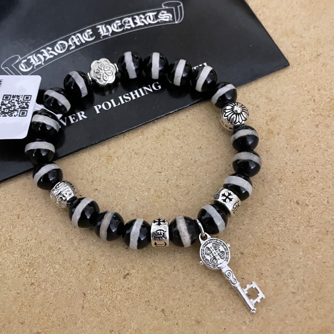 • AGG 크롬하츠 배색 구슬 키 팔찌 블랙
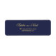 Chic script navy gold wedding return address label
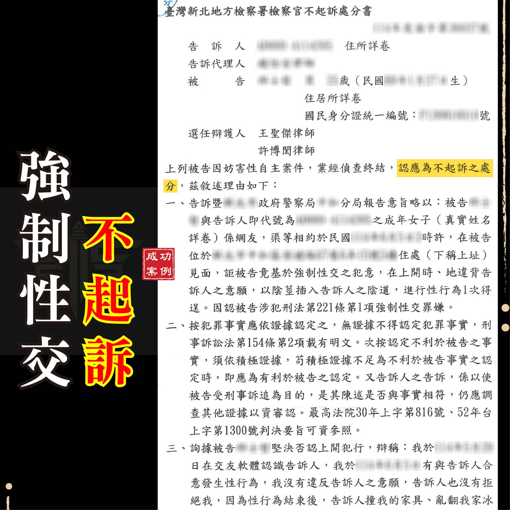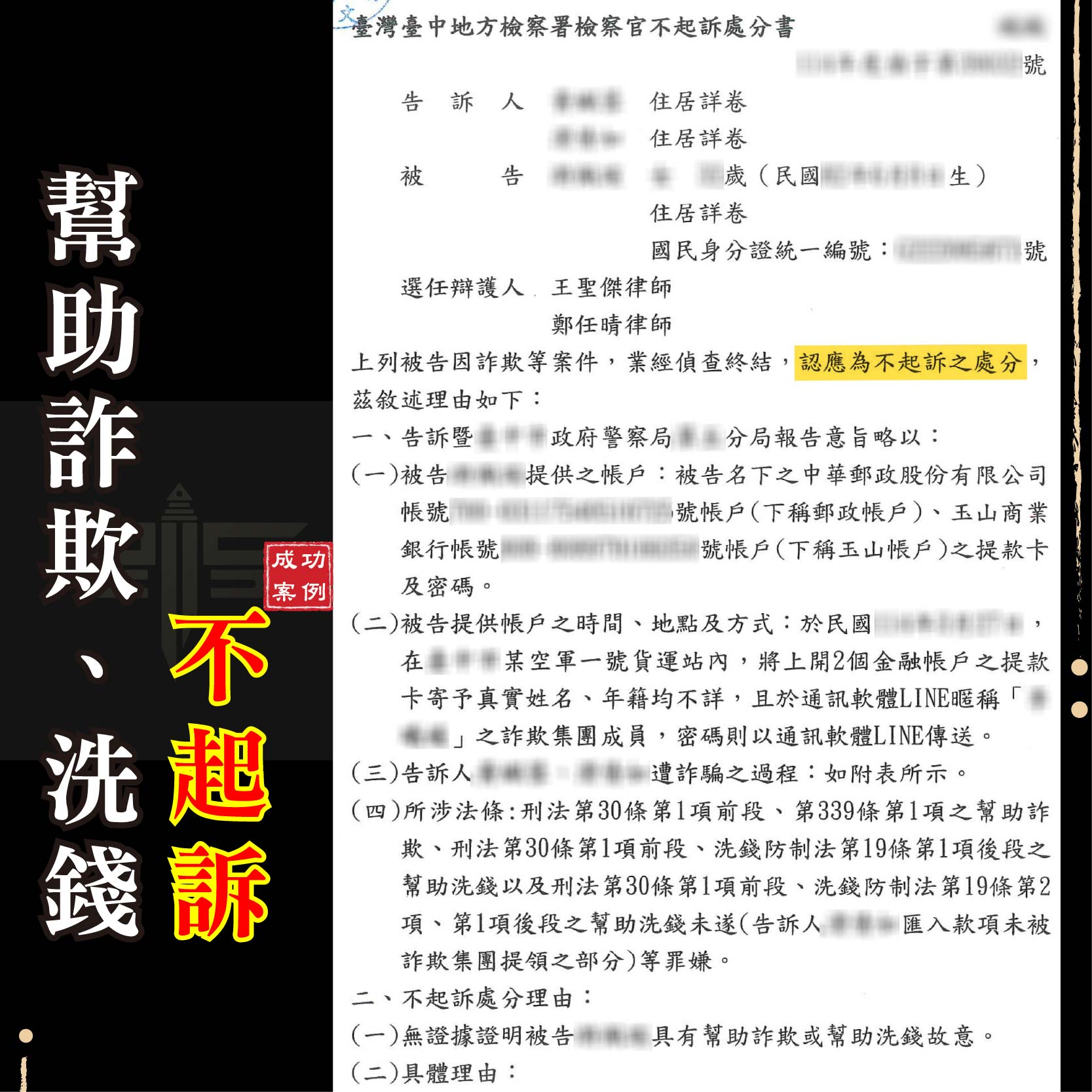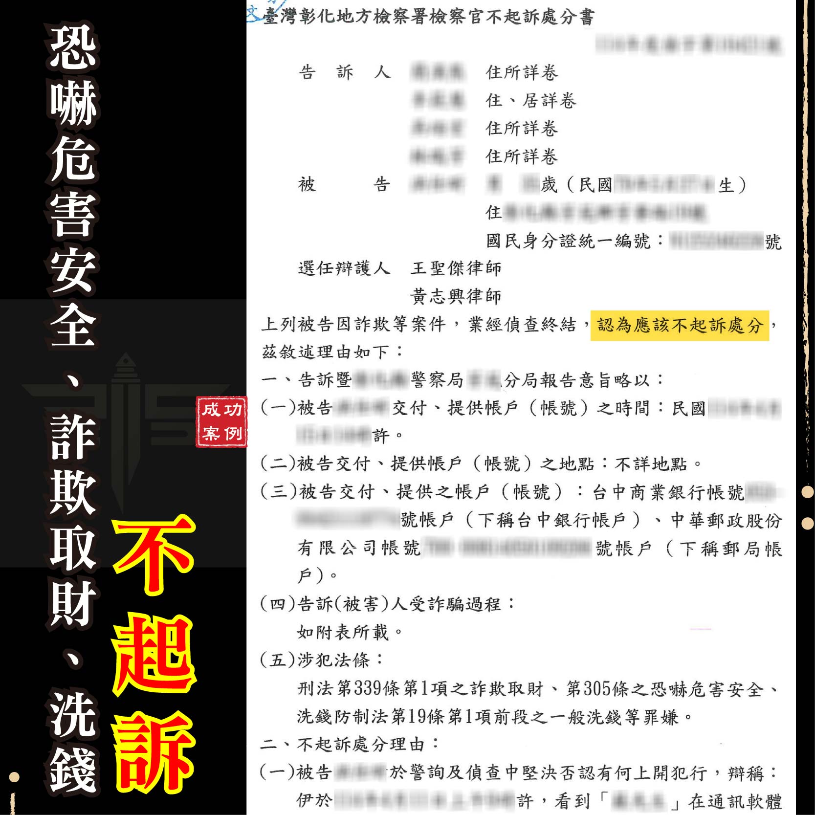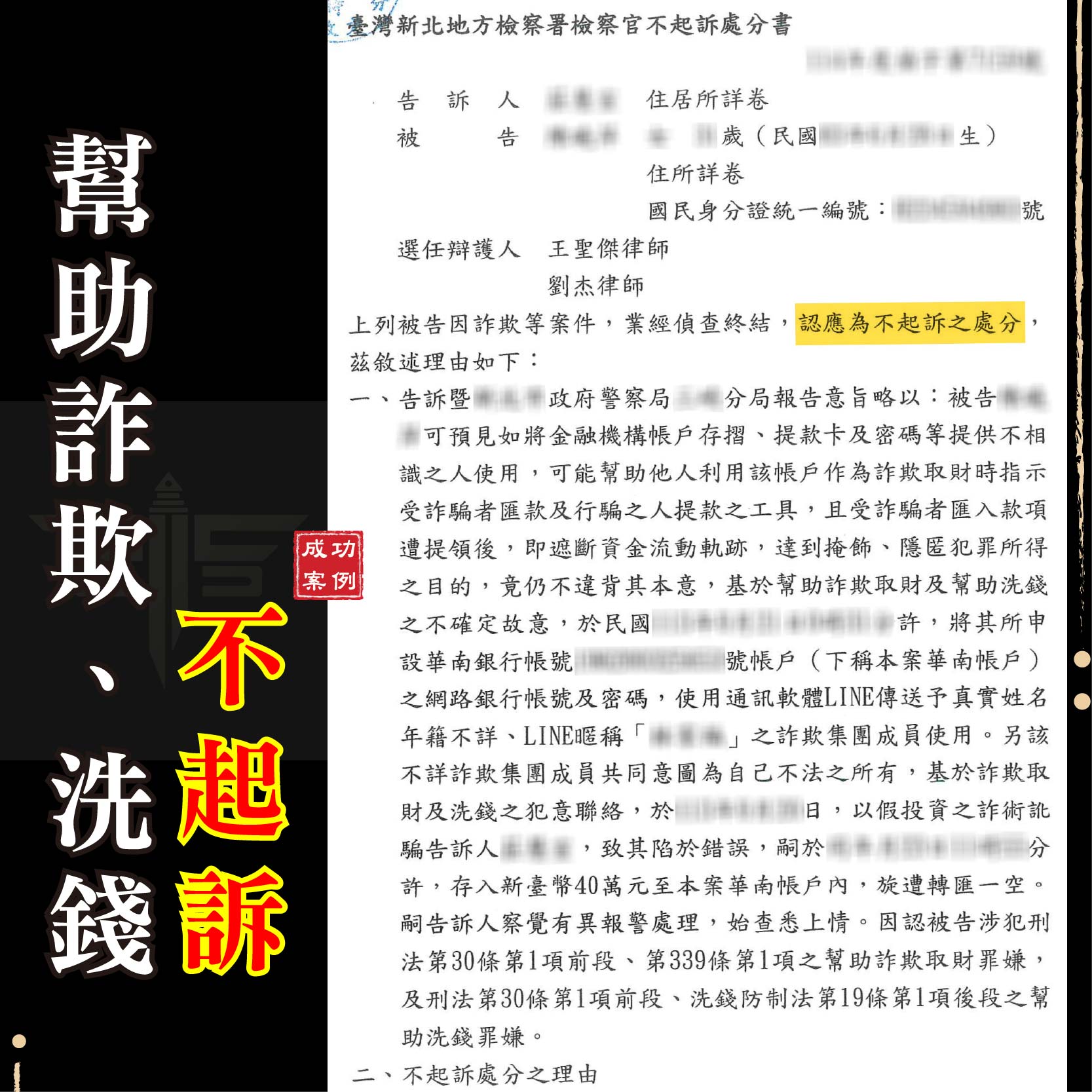 商品資訊刑事案件不起訴成功案例:遭控詐欺取財及恐嚇(彰化地檢 1141013) 遭他人指控強制性交(士林地檢 1141013) 委託友人退稅涉詐欺(新竹地檢 1141014) 遭他人控妨害性自主(新北地檢 1141015) 網路貸款成警示帳戶(新北地檢 1141015) 遭他人指控涉竊盜罪(臺北地檢 1141015) 團購主遭控詐欺車手(新北地檢 1141015) 網路抽獎成警示帳戶(臺中地檢 1141016)         刑事案件緩起訴成功案例:遭控施用第二級毒品(臺中地檢 1141016)  請求分割遺產勝訴成功案例:拿回百萬鉅款遺產(新北地院 1141017)  如有任何法律問題 請立即聯繫→線上免費諮詢平台 ———————————————————謙聖國際法律事務所LINE線上法律諮詢:@lawuicc001(點擊諮詢)歡迎電話預約會議:03-3150-034提供多元支付:現金、信用卡、銀行轉帳【了解更多】Facebook:謙聖國際法律事務所Instagram:chien.sheng_ ———————————————————謙聖國際法律事務所LINE線上法律諮詢:@lawuicc001(點擊諮詢)歡迎電話預約會議:03-3150-034提供多元支付:現金、信用卡、銀行轉帳【了解更多】Facebook:謙聖國際法律事務所Instagram:chien.sheng_

*Task to carry out*. Go through the material above and retype every line exactly, without the images.

*Exercise response*.
 • AGG 크롬하츠 배색 구슬 키 팔찌 블랙
 Chic script navy gold wedding return address label
 商品資訊刑事案件不起訴成功案例:遭控詐欺取財及恐嚇(彰化地檢 1141013) 遭他人指控強制性交(士林地檢 1141013) 委託友人退稅涉詐欺(新竹地檢 1141014) 遭他人控妨害性自主(新北地檢 1141015) 網路貸款成警示帳戶(新北地檢 1141015) 遭他人指控涉竊盜罪(臺北地檢 1141015) 團購主遭控詐欺車手(新北地檢 1141015) 網路抽獎成警示帳戶(臺中地檢 1141016)         刑事案件緩起訴成功案例:遭控施用第二級毒品(臺中地檢 1141016)  請求分割遺產勝訴成功案例:拿回百萬鉅款遺產(新北地院 1141017)  如有任何法律問題 請立即聯繫→線上免費諮詢平台 ———————————————————謙聖國際法律事務所LINE線上法律諮詢:@lawuicc001(點擊諮詢)歡迎電話預約會議:03-3150-034提供多元支付:現金、信用卡、銀行轉帳【了解更多】Facebook:謙聖國際法律事務所Instagram:chien.sheng_ ———————————————————謙聖國際法律事務所LINE線上法律諮詢:@lawuicc001(點擊諮詢)歡迎電話預約會議:03-3150-034提供多元支付:現金、信用卡、銀行轉帳【了解更多】Facebook:謙聖國際法律事務所Instagram:chien.sheng_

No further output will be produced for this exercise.